Players are looking forward to resuming "happy hour" gatherings that involve the spouses and other family members at the Bogey or Yogi’s Bar & Grill, Turner said.
There are no age limits or residency requirements to join the Dublin Pickleball Association or play at the courts.
The members of the association strive to welcome “newbies” to the game, even adjusting their play to accommodate novices, Turner said.
On any given day, there are a mix of first-timers and those who won sanctioned, national competitions.
They include Carol Smith, 74, of Dublin, who won a gold medal in the singles competition at the Kings Point Pickleball Club in Florida, a gold medal in mixed doubles at the Arnold Sports Festival in Columbus, and a gold medal in women’s doubles at the 2021 U.S. Open in Tampa, Florida, sanctioned by USA Pickleball.
Smith, once an avid golfer, said she was introduced to pickleball four years ago when she joined the Dublin Community Recreation Center.
“Two years later, I wasn’t playing golf anymore,” said Smith, adding she enjoys the camaraderie of the game and having teammates, which typically isn’t afforded in golf.
The courts at the park are available on a first-come, first serve basis.
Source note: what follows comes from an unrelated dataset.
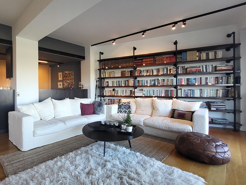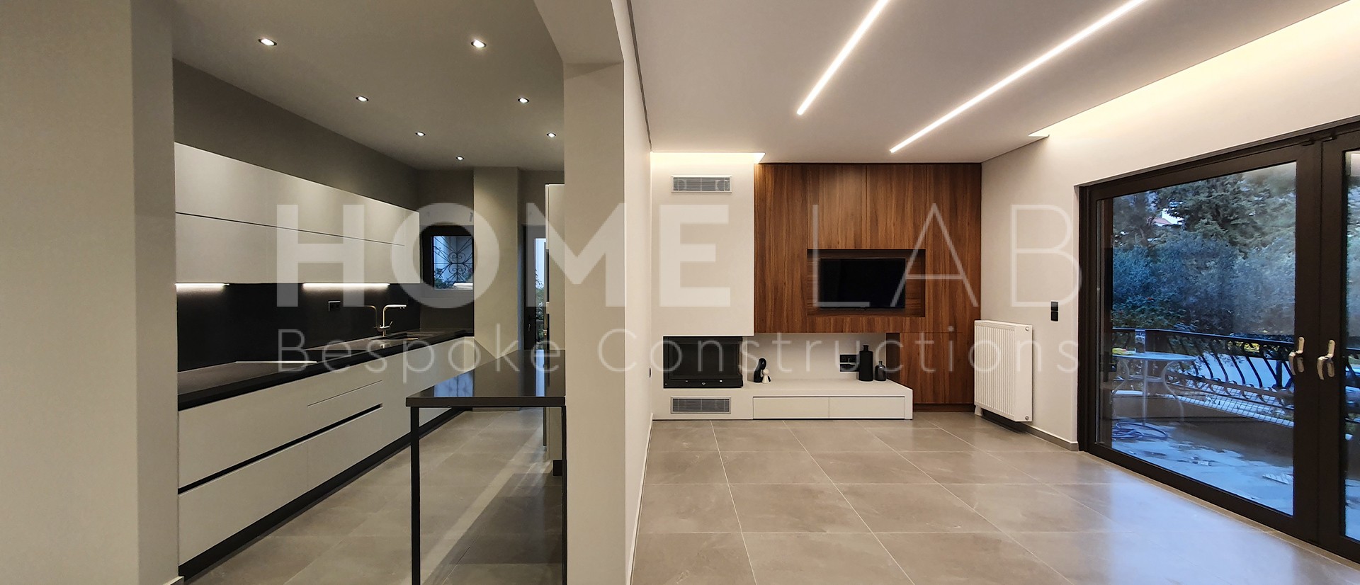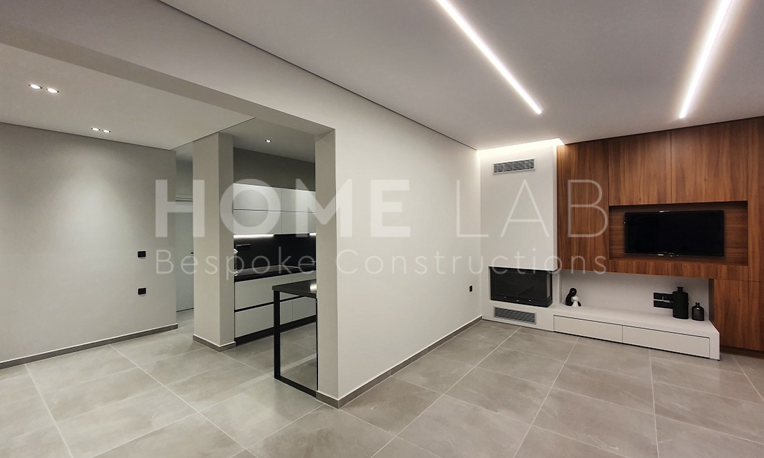 Minimal αισθητική, custom κατασκευές επίπλων, ενεργειακό τζάκι με TV unit και ποιοτικά υλικά κατασκευής.

It is free to play and no reservations are required or accepted, according to the city’s website, dublinohiousa.gov.
If all the courts are full, players place their paddle in a row to rotate onto the next available court, according to the website.
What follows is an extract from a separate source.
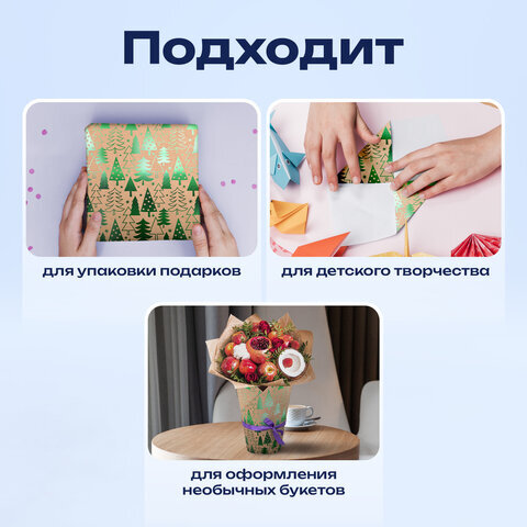 Новогодняя упаковочная бумага с эффектом фольгирования "Green Trees" ЗОЛОТАЯ СКАЗКА отлично подходит для упаковки подарков, а также для рукоделия, декора и других дизайнерских решений.

For now, the paddles are placed on a fence line, “but we are working on getting a rack for the paddles,” Turner said.
Turner also is working on introducing the game to younger players, including at the middle school and high school levels.
“I am talking the (Ohio High School Athletic Association) about it,” Turner said.
Two players not so far removed from the high-school-aged players Turner wants to recruit arrived at the courts June 8 as association members were wrapping up.
“This is only my second time playing. I kind of thought of pickleball as tennis for old people, (but) it’s fun,” said John Pappas, 34, of Plain City, who had been invited by his friend, Noah Carpenter, 22, of Dublin.
Carpenter said he picked up on the game about two years ago when the aunt of a friend introduced him to it on a family vacation.
“But I didn’t play again until these courts opened ... It’s a fun game,” Carpenter said.
The addition of more courts will be evaluated based on the use of the new ones and compared to other needs indicated through the city's public-input process, Blaine said.